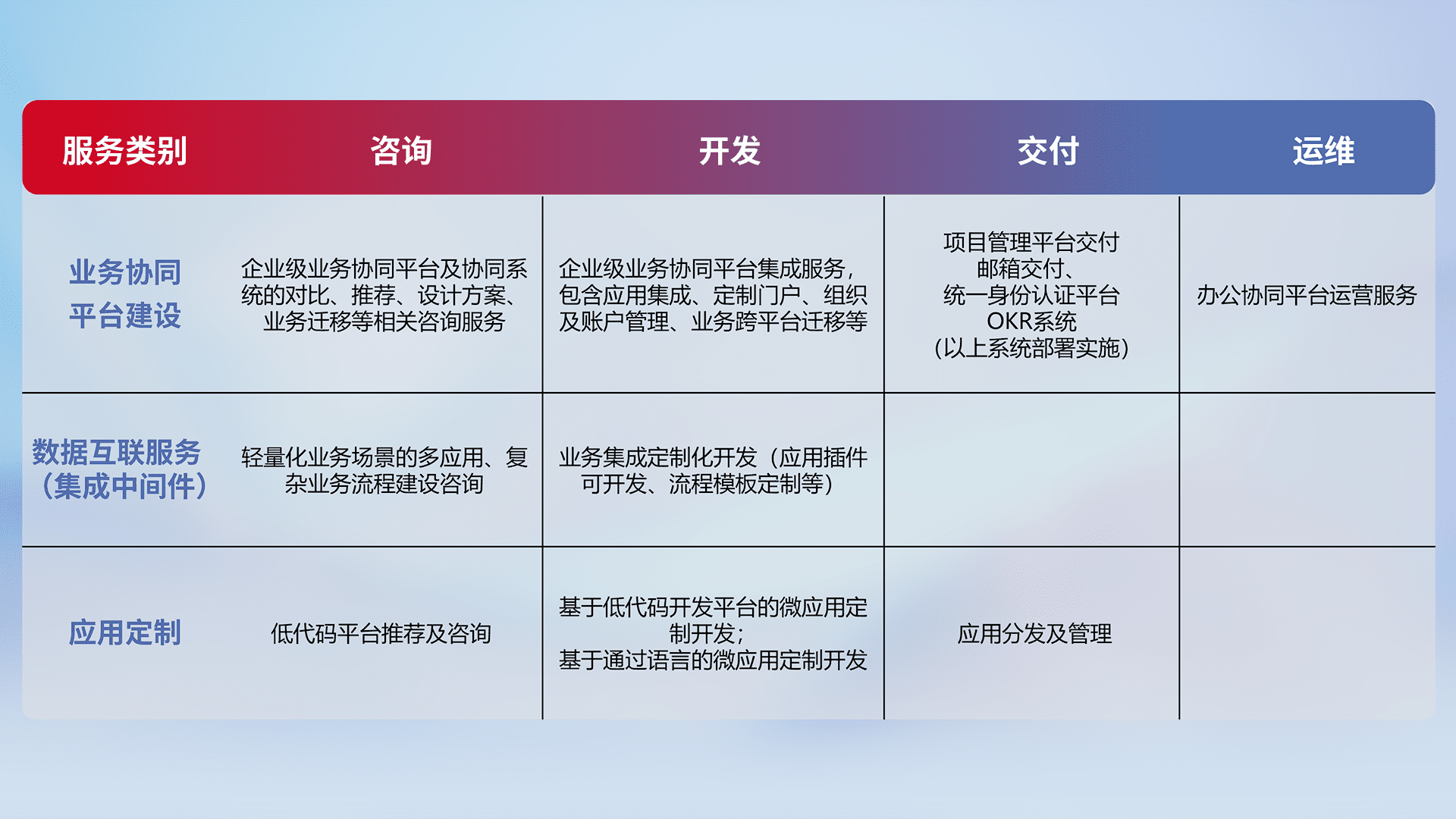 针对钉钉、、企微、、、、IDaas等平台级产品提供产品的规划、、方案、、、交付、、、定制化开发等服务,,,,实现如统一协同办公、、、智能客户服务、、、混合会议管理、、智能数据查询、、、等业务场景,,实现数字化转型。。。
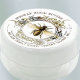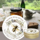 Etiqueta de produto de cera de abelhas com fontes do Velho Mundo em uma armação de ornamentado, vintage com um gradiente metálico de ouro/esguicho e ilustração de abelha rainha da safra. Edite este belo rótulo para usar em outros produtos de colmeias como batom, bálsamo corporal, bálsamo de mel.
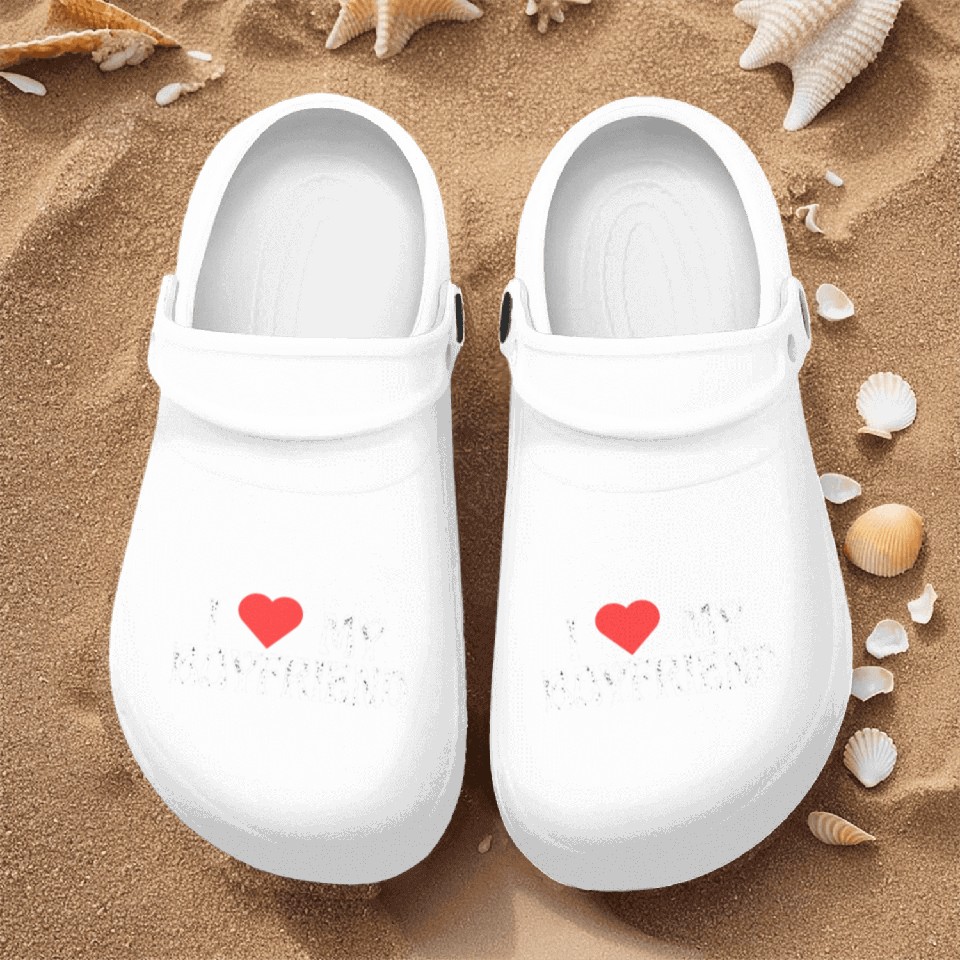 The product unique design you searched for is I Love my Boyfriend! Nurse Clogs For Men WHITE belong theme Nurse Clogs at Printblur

★ ★ ★ ★ ★

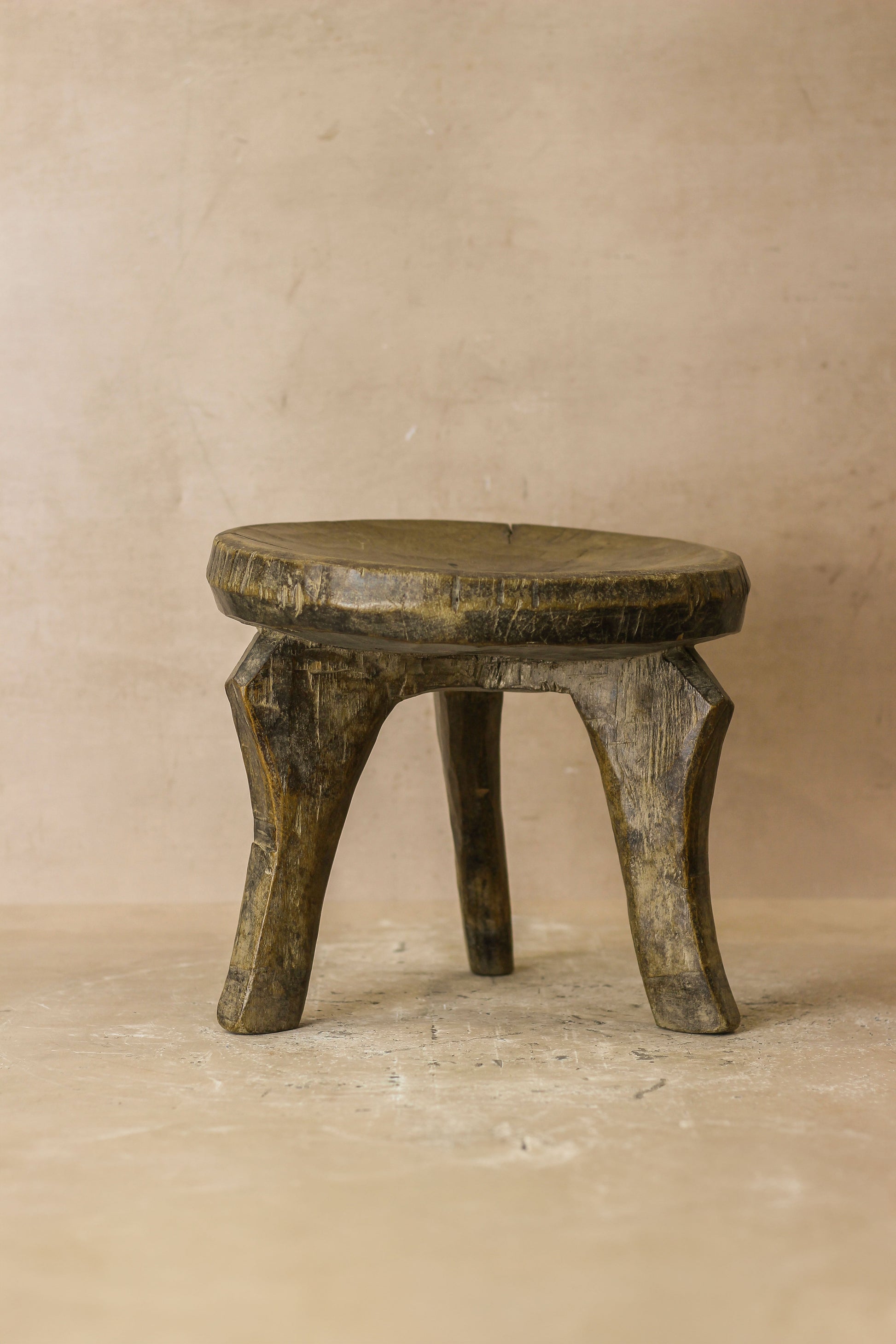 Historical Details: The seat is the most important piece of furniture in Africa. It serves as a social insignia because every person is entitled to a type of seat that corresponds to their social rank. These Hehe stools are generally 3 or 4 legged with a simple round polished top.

★ ★ ★ ★ ★

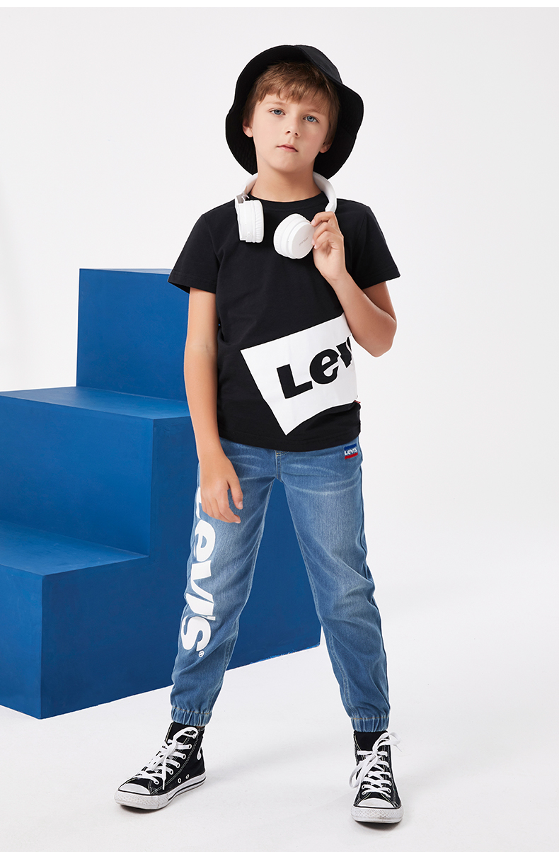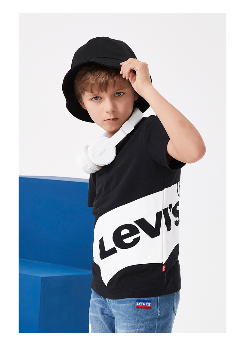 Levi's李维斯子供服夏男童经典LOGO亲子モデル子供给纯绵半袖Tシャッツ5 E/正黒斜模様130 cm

★ ★ ★ ★ ★

» **What is needed**
Where a picture appears in the records above, omit it, and transcribe exactly the stretch of lines from the one with "Etiqueta de produto" through the one with "The product unique".

» **Answer box**
 Etiqueta de produto de cera de abelhas com fontes do Velho Mundo em uma armação de ornamentado, vintage com um gradiente metálico de ouro/esguicho e ilustração de abelha rainha da safra. Edite este belo rótulo para usar em outros produtos de colmeias como batom, bálsamo corporal, bálsamo de mel.
 The product unique design you searched for is I Love my Boyfriend! Nurse Clogs For Men WHITE belong theme Nurse Clogs at Printblur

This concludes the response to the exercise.